Discos

Más que una imitación de Rossini

Daniel Martínez Babiloni

martes, 19 de febrero de 2008
Il Dissoluto Punito, ossia Don Giovanni Tenorio, Dramma semiserio per musica in due atti, (estreno en el Teatre de la Santa Creu, Barcelona, 20.6.1822) Libreto y música de Ramón Carnicer. Producción del Festival Mozart de A Coruña. Edición crítica de Ramón Sobrino y María Encina Cortizo. Ediciones Iberautor Promociones Culturales S.R./ICCMU Elenco: Dimitri Korchak (Don Giovanni, tenor), Wojtek Gierlach (Il Commendatore, bajo), Annamaria Dell’Oste (Donna Ana, mezzosoprano), Juan Luque Carmona (Don Ottavio, tenor), Enrica Fabbri (Donna Elvira, soprano), José Julián Frontal (Leporello, barítono).
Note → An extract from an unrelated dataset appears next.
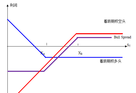 当ST≤XA时,由于标的物的市场价格小于期权的预定价格,所以两个期权都会被执行。这时投资者须以XB 的价格购入标的物后再以XA 的价格出售,该投资者的获利XB-XA为一个常数,不再随S的变化而变化。

Orquesta Sinfónica de Galicia y Coro de la Orquesta Sinfónica de Galicia. Joan Company, director del coro. Alberto Zedda, dirección musical. Antonio Cid, ingeniero de grabación. Doble compacto grabado en directo en el Teatro Rosalía de Castro de A Coruña, los días 9 y 11 de junio de 2006. Fundación Autor SA 01270. Distribuidor en España: Diverdi
Si Don Ramón Carnicer no hubiera destruido parte de sus primeros trabajos -puede ser que algunos estén en paradero desconocido, como apuntan los autores de su catálogo [PAGÁN, Víctor y Alfonso de Vicente, Catálogo de obras de Ramón Carnicer. (Madrid: Fundación Caja de Madrid, Editorial Alpuerto S.A., 1997)]- habría ahorrado un gran trabajo en cuanto al establecimiento de sus influencias, y quizás a él mismo, que lo etiquetasen como el “Rossini español” sin más, lugar común entre los musicólogos patrios (que espero comentar próximamente en Mundoclasico.com).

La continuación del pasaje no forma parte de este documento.